LD : Les mêmes étudiants ont été gardés ? 

JC : Oui, mais maintenant on a processus plus exhaustif de révision. L’entreprise externe fait la traduction, un traducteur de l’AÉUM révise et je faisais une dernière relecture. Après quelques semaines, on a essayé que j’arrête de réviser, puisque ce n’est pas mon mandat. Et ça a été une semaine où il y a eu des fautes dans l’infolettre. Depuis, on est retournés à la première méthode de fonctionnement.

LD : Ce mode de fonctionnement serait-il inefficace, aurait-on des employés incompétents à l’AÉUM ?

JC : Je ne pense pas que ce soit à moi de me prononcer à ce sujet, la Commission est indépendante et ce n’est pas moi qui gère tout ce processus.

LD : Est-ce que l’AÉUM a été coopérative sur le dossier ?

JC : Oui, le Département de communications a été très coopératif et ils ont été très réactifs. Je les ai trouvés à l’écoute sur plusieurs dossiers, comme le guide des étudiants au début de l’année. Je sens que les traductions de l’infolettre se sont raffinées avec le temps. Pour les textes de gouvernance, avec une importance institutionnelle, il y a toujours du progrès à faire. 

LD : Par rapport à la remise des travaux en français, as-tu vu des changements, une amélioration ?

JC : Je travaille avec Bruno Marcoux (représentant de la Faculté de génie au Conseil législatif de l’AÉUM, ndlr) sur le dossier, on s’est questionnés à savoir quel était le ressenti à ce sujet et nous avons conclu que c’était surtout le manque de transparence autour de la pratique. Les étudiants se demandent qui va corriger le travail, et comment cette personne est choisie. J’ai contacté le premier vice-principal exécutif adjoint (études et vie étudiante), Fabrice Labeau. Je l’ai rencontré il y a deux semaines et on a présenté la situation telle que les étudiants la percevaient. Nous avions réalisé au préalable un sondage, spécifiquement sur la remise des travaux en français. On a demandé s’il y avait une procédure universelle quant à la correction des travaux dans l’éventualité où le professeur ne parle pas français, et il n’y en a pas. Donc, c’est une politique interdépartementale, c’est contingent à la matière que vous étudiez.  On a demandé s’il était ouvert à une politique universelle pour McGill, et il n’y était pas opposé, mais ça ne semblait pas être sa première priorité. La prochaine étape quant à ce dossier est de rappeler aux étudiants qu’il y a des ressources disponibles s’ils ont des problèmes avec la correction de leur travail. On est là pour les accompagner, et leur rappeler leurs droits. Sinon, il y a des cas ou la clause de remise des travaux en français n’est pas mentionné dans le plan de cours, alors que celle sur le plagiat est systématiquement incluse : deux poids, deux mesures. Je pense donc que parler directement aux facultés sera fructueux ; c’est notre plan pour les prochaines semaines et pour le prochain semestre. 

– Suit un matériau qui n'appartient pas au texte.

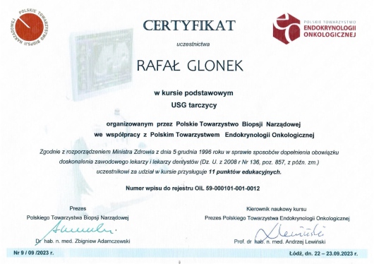 Dzięki wysokiemu profesjonalizmowi i wnikliwej diagnostyce został wykryty na wczesnym etapie rak złośliwy tarczycy. Jestem niezmiernie wdzięczna. Polecam Pana Doktora z całego serca.

LD : Es-tu satisfaite de ton travail du semestre passé ? As-tu des objectifs précis pour la prochaine année ?

JC : Oui, par rapport à quand je suis arrivée en septembre, il y a eu du progrès. Héloïse avait fait du très bon travail l’année passée, mais il est vrai que le poste de commissaire n’est réapparu que l’année passée. Elle n’a pu travailler qu’un semestre. La situation s’est stabilisée, elle est revenue à la normale. Est-ce que tout est mieux ? Non. On a un manque de représentativité par rapport aux différentes communautés francophones. Par exemple, souvent un mot employé est uniquement compris par une partie de la population francophone. Les événements en français sont promus, mais pas autant que d’autres événements. Les projets pour l’année prochaine sont surtout de faire plus de promotion, que ce soit par rapport à l’apprentissage du français ou des communications à l’AÉUM. Quand on a employé une entreprise extérieure, on a fait face à une contrainte budgétaire, et on nous a offert deux options : soit on produit des traductions et elles ne peuvent pas être révisées ou alors on n’en fait pas du tout.

LD : Tout un dilemme !

JC : Oui. Donc tant qu’à mal faire les choses, je pense que c’est mieux de ne pas les faire du tout. C’est moins irrespectueux.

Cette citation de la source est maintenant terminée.